Margolyes started off with a visit to a health farm-cum-bootcamp run by ex-marine Craig and his wife Paula. Paula was one of the many people Margolyes met who associate their mental health problems (current or past) with their size and weight, though – in this first episode at least – the link between the two (correlation? causal? in which direction?) was barely addressed. Similarly, despite a plethora of decades-old remembered slights and comments – often during adolescence – that cut to the quick, the question of how much social attitudes aggravate the problem once it is established was never properly pursued. The segment where a psychologist researched the matter (which included one of his volunteers walking around town in a fat suit and returning to say nothing of any import whatsoever) was banal in the extreme.

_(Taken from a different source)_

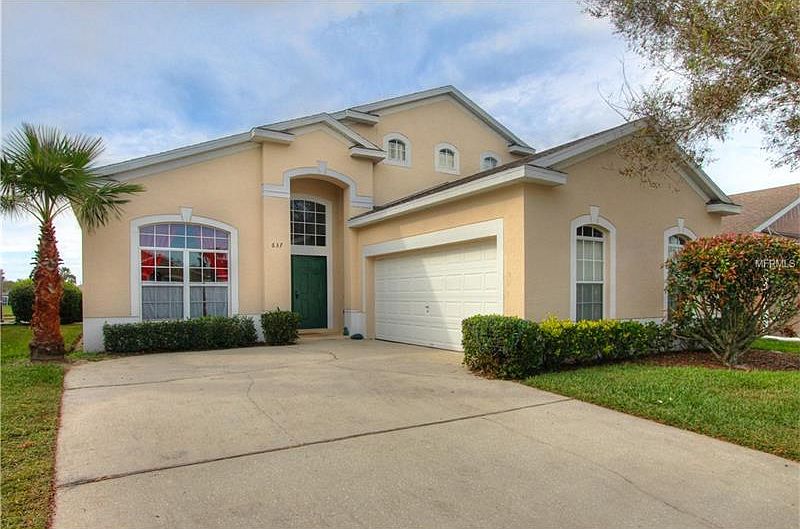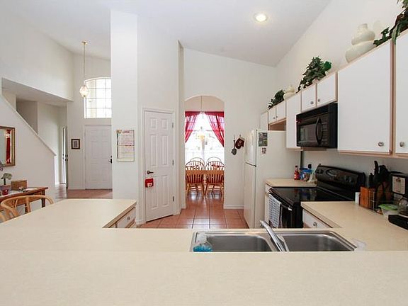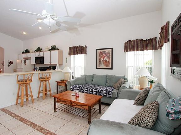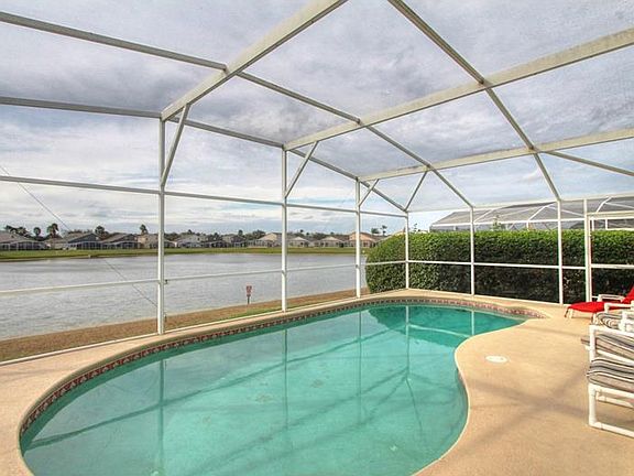 Beautifully Furnished Water Front Home with Sparkling Pool and Three Master Suites! You'll appreciate the charming kitchen that boasts plenty of counter space, convenient breakfast bar and separate dining room. Enjoy pool and pond views from the family room as well as easy access out onto the pool deck through sliding glass doors. In this home entertaining is effortless with the open-concept floor plan, generous sized rooms and practical ceramic tile throughout the foyer, kitchen, dining and family rooms. Adding to the spacious feel is the two story ceilings that are present throughout all the living areas. Delight in Florida's sunny weather either splashing in the pool or soaking up the sun on the oversized deck which has plenty of space for a grill for back yard barbecues. Back inside the home you'll appreciate the split five bedroom plan with two of the master bedrooms conveniently located downstairs while the remaining bedrooms and fourth bathroom are located upstairs. Situated in the popular Hampton Estates, which features a resort style pool and playground, along with tennis and volleyball courts, this home is minutes from majors roads, theme parks, shopping and dining. Zoned for short term renting this property makes the ideal second home or investment property. Make this your home away from home and start making memories today!

One camp attendee – a habitual binge-eater at home – described the benefit of the place and its controlled environment as enabling residents “to realise what your body actually needs”. This was, effectively, a point about living in a modern, obesogenic environment and, indirectly, about who is responsible for creating and now for dismantling/resisting that. Do we follow the money and blame the (processed) food, sugar, corn syrup industries or the government and its regulations of these areas? Or does responsibility and culpability only ever lie with individuals and how much willpower they can or cannot muster in the face of temptation?

Which was a point – or points – surely worth picking up on. Especially later, when Margolyes was in conversation with body-positive activists who tend, amid valid denunciations of the cultural politics of being fat and the way fat people are treated, not to be able to deal so effectively with the scientific evidence of the physical ill-effects of obesity. The question of whether we can admit there is such a thing as a healthy weight (ie one that enables rather than hinders the smooth functioning of vital organs and allows the full range of bodily movement you might reasonably expect to deploy in an average day), while also rejecting the notion than anyone should be shamed, was not fully considered, as we teleported between ideas without ever tracing the possible routes between them.

But it was, at least, effective testimony to the Herculean task before anyone unhappy with their size in 2020. This was largely down to Margolyes’s honesty about her own feelings and experiences, and the time she spent talking to fellow camp attendees and the loved ones affected by their weight and/or disordered eating. Georgia’s mother in particular symbolised the grief and helplessness felt by anyone who has to watch someone they love behave in ways that make them unhappy but which are beyond external control. And, ultimately, there was a clear message: whether you learn to lose weight or to accept it, modern times, modern supermarkets and modern culture are not there to help.